◆ **SUPPLIED MATERIAL**
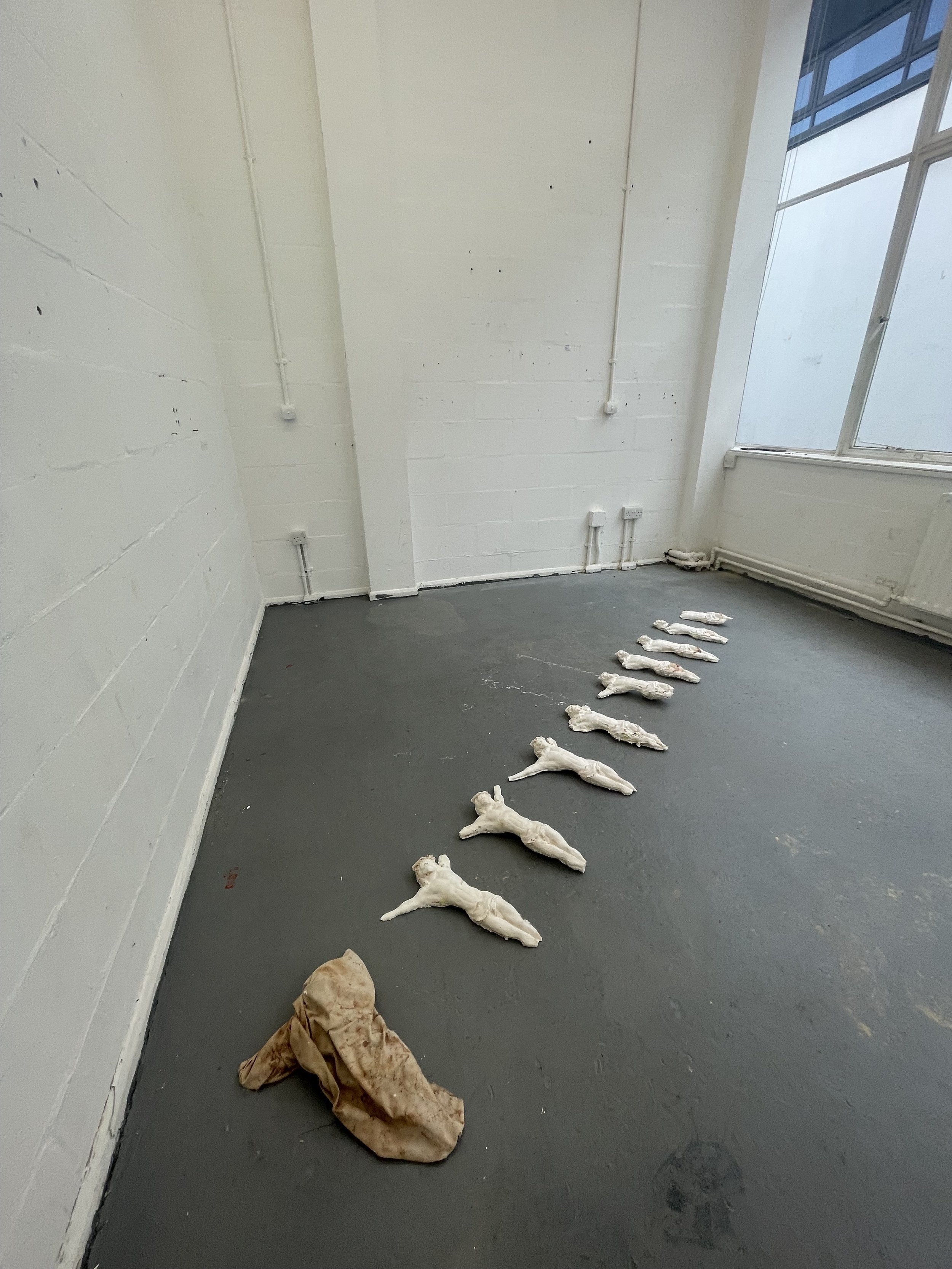 Diaz’s exploration for this piece draws inspiration from the mummification practices observed in Pompeii. Captivated by the encapsulation and preservation of a moment in time, he identifies parallels in his casting process, seeing it as a medium to replicate his state of mind and revelations. Initially Diaz cast this form in an aim to suggest human nature but it resulted in a more visceral and harrowing representation of horror and an unexpected state of reality. When exhibited, he placed the figure below a spherical object that resembled a ghost-like appearance close to the symbolic image of the Holy Ghost. Here Diaz creates an impressive symbolic narrative - a figure grounded on earth, looking up to an idealised form that’s beyonds its reach. The draped fabric and use of string around the neck signifies both hope and suffocation, embodying the fragile dance between earthly existence and the pursuit of perfection.
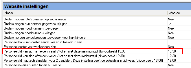 U gaat verder bij de instelling Personeelslid kan zich afmelden vanaf / tot en met deze minimumtijd.
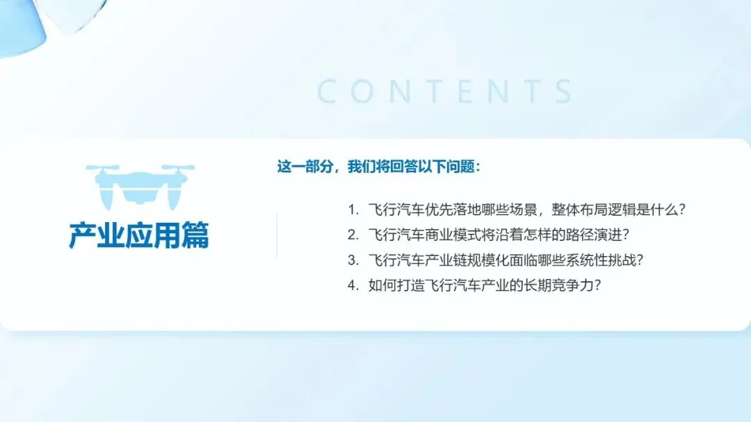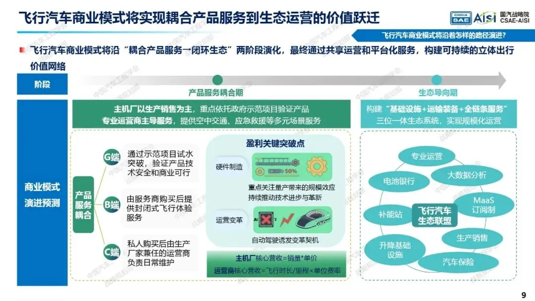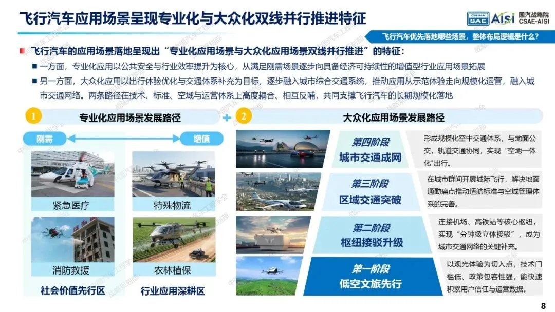 该报告预测,飞行汽车预计在2025至2030年间迎来商用爆发。在应用场景方面,将呈现专业化与大众化双线并行的推进特征。专业化场景将率先在应急救援、警务升级及公路巡检等领域实现突破。大众化场景将遵循“低空文旅先行、枢纽接驳跟进、城市通勤后续”的渐进式发展路径。亿航智能等企业的文旅飞行项目已在多地落地,而机场与市区间的短途接驳、以及城市群之间的城际交通,预计将成为下一阶段规模化应用的重点。

◆ **WHAT TO PRODUCE**
Could you return the entire listing above verbatim while dropping each picture?

◆ **TASK OUTPUT**
 Diaz’s exploration for this piece draws inspiration from the mummification practices observed in Pompeii. Captivated by the encapsulation and preservation of a moment in time, he identifies parallels in his casting process, seeing it as a medium to replicate his state of mind and revelations. Initially Diaz cast this form in an aim to suggest human nature but it resulted in a more visceral and harrowing representation of horror and an unexpected state of reality. When exhibited, he placed the figure below a spherical object that resembled a ghost-like appearance close to the symbolic image of the Holy Ghost. Here Diaz creates an impressive symbolic narrative - a figure grounded on earth, looking up to an idealised form that’s beyonds its reach. The draped fabric and use of string around the neck signifies both hope and suffocation, embodying the fragile dance between earthly existence and the pursuit of perfection.
 U gaat verder bij de instelling Personeelslid kan zich afmelden vanaf / tot en met deze minimumtijd.
 该报告预测,飞行汽车预计在2025至2030年间迎来商用爆发。在应用场景方面,将呈现专业化与大众化双线并行的推进特征。专业化场景将率先在应急救援、警务升级及公路巡检等领域实现突破。大众化场景将遵循“低空文旅先行、枢纽接驳跟进、城市通勤后续”的渐进式发展路径。亿航智能等企业的文旅飞行项目已在多地落地,而机场与市区间的短途接驳、以及城市群之间的城际交通,预计将成为下一阶段规模化应用的重点。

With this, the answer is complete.